▶ _What is being asked_: Print the lines in the listing below that fall between the line with "SOKM hissedarlarına son" and the line with "England skipper Andrew", those two lines included, exactly as they stand and with nothing else.

▶ _Dataset extract_:
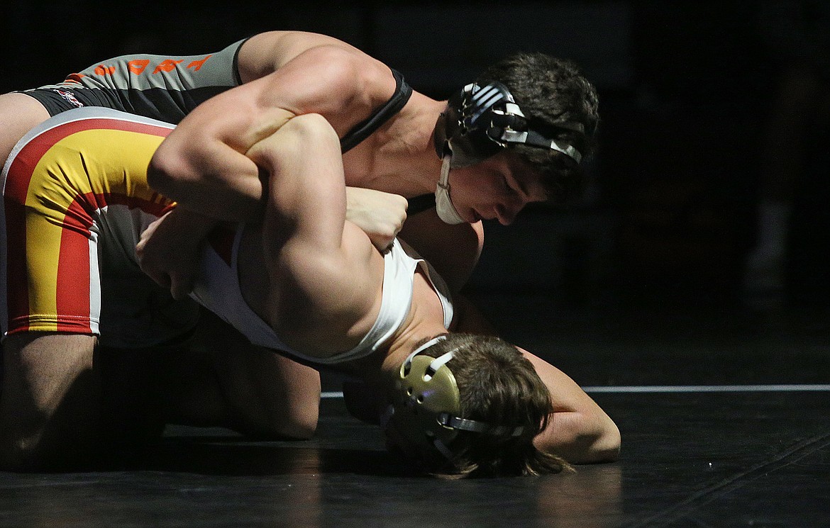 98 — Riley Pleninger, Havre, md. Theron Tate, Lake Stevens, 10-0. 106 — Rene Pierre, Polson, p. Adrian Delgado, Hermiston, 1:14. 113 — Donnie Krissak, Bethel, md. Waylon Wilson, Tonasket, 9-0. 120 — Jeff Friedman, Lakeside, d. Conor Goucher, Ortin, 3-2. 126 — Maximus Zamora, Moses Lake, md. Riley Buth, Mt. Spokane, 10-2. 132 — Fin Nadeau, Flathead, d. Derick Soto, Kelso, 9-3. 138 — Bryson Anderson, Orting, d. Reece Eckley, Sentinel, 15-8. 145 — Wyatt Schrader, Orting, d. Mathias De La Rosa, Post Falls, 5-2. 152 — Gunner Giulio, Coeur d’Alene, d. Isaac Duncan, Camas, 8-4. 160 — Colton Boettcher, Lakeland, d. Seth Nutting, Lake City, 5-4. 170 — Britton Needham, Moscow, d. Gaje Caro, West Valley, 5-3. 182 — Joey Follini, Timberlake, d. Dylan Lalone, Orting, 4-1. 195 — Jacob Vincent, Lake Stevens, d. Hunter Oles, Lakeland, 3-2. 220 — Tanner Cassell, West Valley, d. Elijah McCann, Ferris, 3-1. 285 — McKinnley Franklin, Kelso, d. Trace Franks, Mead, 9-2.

==

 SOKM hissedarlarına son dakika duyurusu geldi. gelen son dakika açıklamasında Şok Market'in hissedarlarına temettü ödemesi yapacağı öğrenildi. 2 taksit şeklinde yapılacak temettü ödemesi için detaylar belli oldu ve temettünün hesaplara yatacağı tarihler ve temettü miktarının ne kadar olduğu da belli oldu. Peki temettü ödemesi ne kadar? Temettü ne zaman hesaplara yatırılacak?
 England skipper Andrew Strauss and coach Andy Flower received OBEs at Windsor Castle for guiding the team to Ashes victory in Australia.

▶ _Output for this task_:
 SOKM hissedarlarına son dakika duyurusu geldi. gelen son dakika açıklamasında Şok Market'in hissedarlarına temettü ödemesi yapacağı öğrenildi. 2 taksit şeklinde yapılacak temettü ödemesi için detaylar belli oldu ve temettünün hesaplara yatacağı tarihler ve temettü miktarının ne kadar olduğu da belli oldu. Peki temettü ödemesi ne kadar? Temettü ne zaman hesaplara yatırılacak?
 England skipper Andrew Strauss and coach Andy Flower received OBEs at Windsor Castle for guiding the team to Ashes victory in Australia.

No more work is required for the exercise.